Results in Figure below on the right show that such impact significantly grows with higher activation ratios. The basic reason is that when the activation ratio is high, only few neurons are deactivated. We also found that attribution errors produce much higher impacts on MLP neurons, because the number of MLP neurons is usually much larger than the number of attention heads, and the rank of MLP neurons’ attention scores is hence easier to be changed.

We are then motivated to develop techniques that can effectively mitigate these attribution errors and optimize the accuracy-sparsity tradeoffs in SLMs with proper sparse activation. In particular, the intra-layer dependency only reflects changes in the current layer’s gradients because the outputs of neurons in the same layer are independent from each other. In contrast, the inter-layer dependency reflects changes in both the neuron outputs and gradients of the subsequent layer, as they all depend on the outputs of the previous layer. Hence, we mainly focus on mitigating the errors caused by inter-layer dependency.

Our approach is to first analyze and quantify the attribution error caused by inter-layer dependency, and then mitigate such error by adding a corrective term onto each neuron’s attribution calculated with the GxO metric, so that we can ensure proper sparse activation by calculating all neurons’ attributions in one shot. More specifically, we formally proved the lower and upper bounds of the attribution error, and further provided practical methods of calculating and applying such corrective terms based on these bounds.

Without loss of generality, we use a case of two layers in a SLM, namely $L_1$ and $L_2$, to quantify the attribution error caused by inter-layer dependency. $L_2$ is a deeper layer than $L_1$. $L_1$’s neuron output $\textbf{X} = (x_{1}, x_{2}, \ldots{}, x_{N_1})$. We use $F( \cdot )$ to represent the function that maps the output of $L_1$ to the model output.
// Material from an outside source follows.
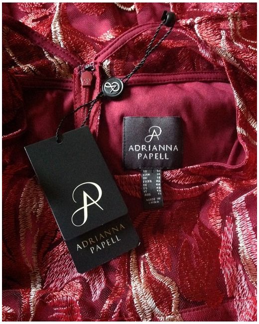 ADRIANNA PAPELL. Fully Lined, Red Multi, Scroll Embroidered, Sheath, Cocktail Party Dress. Red and gold scroll embroidered dress. Labelled a UK 18. Concealed zip, hook-and-eye closure at the back.

With a reasonable assumption that intra-layer dependency has minimal impact on attribution error, we can assume that applying masking does not change the neuron gradients in the same $L_1$ layer. In this scenario, we could prove the Theorem that the error of inter-layer dependency caused by deactivating neuron $i$ in $L_1$ has a lower bound of $0$, and an upper bound of $| x_i | \cdot \sqrt{ \sum_{k=1}^{N_1} { ( \frac{\partial F}{\partial x_k } ) }^{2} } $, where $x_k$ is the output of another neuron $k$ in $L_1$. The proof can be found in Section 3.2 of our paper.
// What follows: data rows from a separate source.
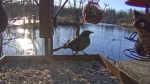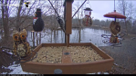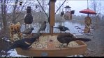 Ithaca NY Morning Dove, Red Bellied Woodpecker, Hairy Woodpecker, Red Winged Blackbird, Northern Cardinal, European Starling, some sort of Hawk in the trees at the back, 3 Blue Jay, Black Capped Chickadee, Grackles, Tufted Titmouse, all in 30 minutes
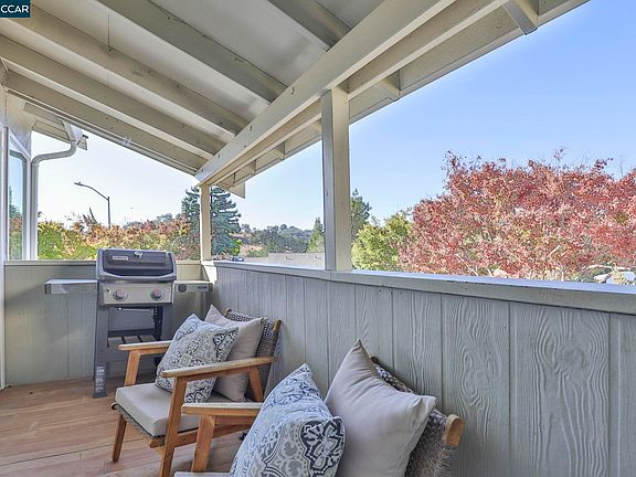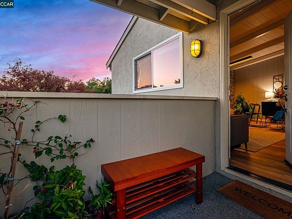 This fabulous stand alone home offers the privacy of a single-family home with the amenities of townhome living! Feel like you are at the top of the world, nestled in the treetops! The mid-century modern esthetic compliments the open floor plan features soaring wood-beamed vaulted ceilings and a gorgeous, stacked stone fireplace with wood mantel. The home chef will love the modern kitchen with stylish two-toned cabinets, stainless steel appliances, and sleek quartz countertops. Preparing culinary delights is a breeze! Unwind at the end of the day in the primary oasis including a luxurious ensuite with a large vanity, step-in shower with glass enclosure and a walk-in closet. Well-appointed secondary bedroom and adjacent updated full bath. There’s even a bonus space--ideal for a nursery, office or even a third bedroom. Got pets? Enjoy the convenience of the portable dog run right off the deck! Right down the street from Paso Nodal Dog Park and great hiking trails! Two-car garage. Pool and clubhouse. Conveniently located on the 12th hole in tranquil Golf Ridge in Pleasant Hill near highly-rated Mt. Diablo schools including Valhalla Elementary, shopping, transportation, parks, hiking, and the best of the East Bay. Welcome home! Broker's tour cancelled.
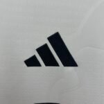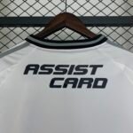 A gola é V e traz a parte frontal branca, coma nuca preta com friso cinza. Dentro da gola, a frase “Um lazo permanente de indestructible unión – 1925 – 2025” (Um laço permanente de indestrutível união) é vista em dourado.

On top of the Theorem above, we experimentally show that the distribution of attribution errors follows a truncated normal distribution with a high confidence interval. As a result, we calculate the corrective term as $$ C(i) = \frac{1}{2} \cdot | x_i | \cdot \sqrt{ \sum_{k=1}^{N_1} { ( \frac{\partial F}{\partial x_k } ) }^{2} } $$

This corrective term is only related to the output magnitudes and gradients of neurons, and hence such corrective terms of all neurons can be computed in one shot with vectorized computations enabled in the existing deep learning APIs.
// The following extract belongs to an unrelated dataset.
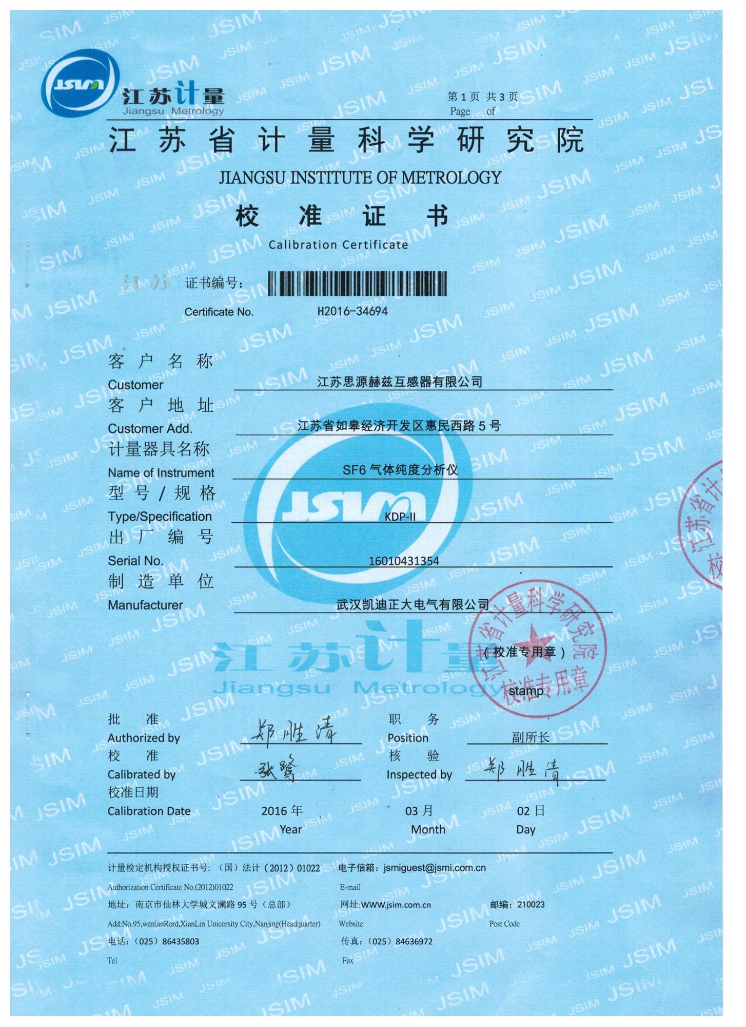 ![]() 江蘇省計(jì)量科學(xué)研究院-SF純度分析儀校準(zhǔn)證書 |

In the actual computation, the corrective term is added onto the attribution score of neuron $i$ in $L_1$ calculated without deactivation, which is denoted as $S(F, x_{i})$ in the paper. In our experiments, we use GxO’s first-order approximation to compute $S( \cdot )$.

We evaluate the model accuracy with different activation ratios (ARs), using the Phi-2 model on the TruthfulQA dataset. Results in the Table below show that, when applying our proposed corrective term onto the GxO metric, our approach generally achieves much higher model accuracy than all baselines.